RViDeformer: Efficient Raw Video Denoising Transformer with a Larger Benchmark Dataset

In recent years, raw video denoising has garnered increased attention due to the consistency with the imaging process and well-studied noise modeling in the raw domain. However, two problems still hinder the denoising performance.
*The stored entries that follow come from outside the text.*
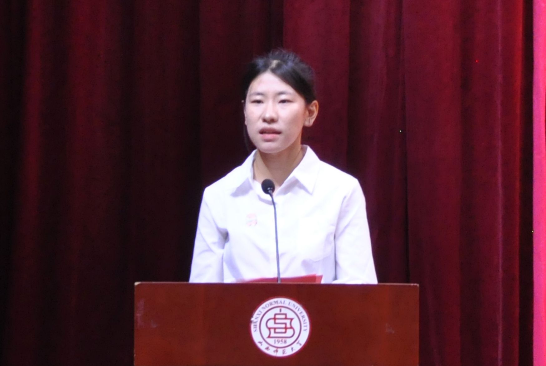 新生代表、体育教育专业2402班王立新同学表示会尽快适应大学生活,明确努力方向,树立崇高的奋斗目标,尊师肯学,严于律己,跨越山海、相聚南开满怀憧憬与期待,共同开启追逐梦想的崭新航程,继续书写爱国奋斗的青春篇章。
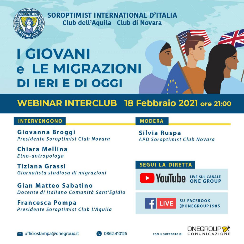 Redazione- Giovedì 18 febbraio, alle ore 21, sulla grande piazza del web, l’incontro del Soroptimist International, Club L’Aquila e Novara, nell'ambito delle proprie azioni di advocacy, sul fenomeno delle migrazioni dei giovani di ieri e di oggi, di quelli che vanno e di quelli che vengono.Giovanna Broggi, Presidente Soroptimist International Club di Novara introdurrà relatori appartenenti a vari universi professionali che rifletteranno sullo status di migrante di seconda generazione, minore non accompagnato, giovane migrante italiano fra Ottocento e Novecento e giovane migrante italiano contemporaneo. Crisi, fragilità, ma anche opportunità offerte dall'altrove.Parteciperanno Chiara Mellina, etnoantropologa, Tiziana Grassi, giornalista, scrittrice e studiosa di fenomeni migratori, Gian Matteo Sabatino, docente di italiano Comunità di Sant'Egidio, Francesca Pompa, imprenditrice culturale e Presidente Soroptimist Club L'Aquila. Modererà la serata, Silvia Ruspa, APD Soroptimist Club Novara.
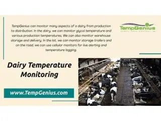 TempGenius offers state-of-the-art Dairy Temperature Monitoring Systems designed specifically for dairy farms, milk storage units, creameries, and processing facilities. Known for their precision and reliability, TempGenius solutions help you stay compliant with FDA, USDA, and HACCP regulations and protecting your product, your brand, and your bottom line. Accurate temperature control is critical in the dairy industry. Even slight fluctuations can lead to spoilage, contamination, or costly waste. TempGenius eliminates the guesswork with wireless, automated sensors that continuously monitor the temperature of milk tanks, refrigerators, pasteurizers, and cold storage units. Real-time alerts are sent directly to your phone or email the moment readings move out of the safe range, allowing for immediate corrective action. Built with rugged components for demanding environments, the TempGenius system is easy to install, scalable, and backed by robust data logging capabilities. Whether you're managing a small family dairy or a multi-site processing operation, TempGenius provides complete visibility into your cold chain performance. Third-party testing confirms the accuracy and compliance of TempGenius devices, making them a trusted choice for dairy professionals across the U.S. With customizable reporting, audit-ready records, and 24/7 support, TempGenius simplifies monitoring so you can focus on delivering fresh, high-quality dairy products to your customers. Protect your dairy operations from spoilage and ensure regulatory compliance. For more details, visit: www.tempgenius.com/dairy-temperature-monitoring/

Firstly, there is no large dataset with realistic motions for supervised raw video denoising, as capturing noisy and clean frames for real dynamic scenes is difficult. To address this, we propose recapturing existing high-resolution videos displayed on a 4K screen with high-low ISO settings to construct noisy-clean paired frames. In this way, we construct a video denoising dataset (named as ReCRVD) with 120 groups of noisy-clean videos, whose ISO values ranging from 1600 to 25600. Secondly, while non-local temporal-spatial attention is beneficial for denoising, it often leads to heavy computation costs. We propose an efficient raw video denoising transformer network (RViDeformer) that explores both short and long-distance correlations. Specifically, we propose multi-branch spatial and temporal attention modules, which explore the patch correlations from local window, local low-resolution window, global downsampled window, and neighbor-involved window, and then they are fused together. We employ reparameterization to reduce computation costs. Our network is trained in both supervised and unsupervised manners, achieving the best performance compared with state-of-the-art methods. Additionally, the model trained with our proposed dataset (ReCRVD) outperforms the model trained with previous benchmark dataset (CRVD) when evaluated on the real-world outdoor noisy videos. Our code and dataset will be released after the acceptance of this work.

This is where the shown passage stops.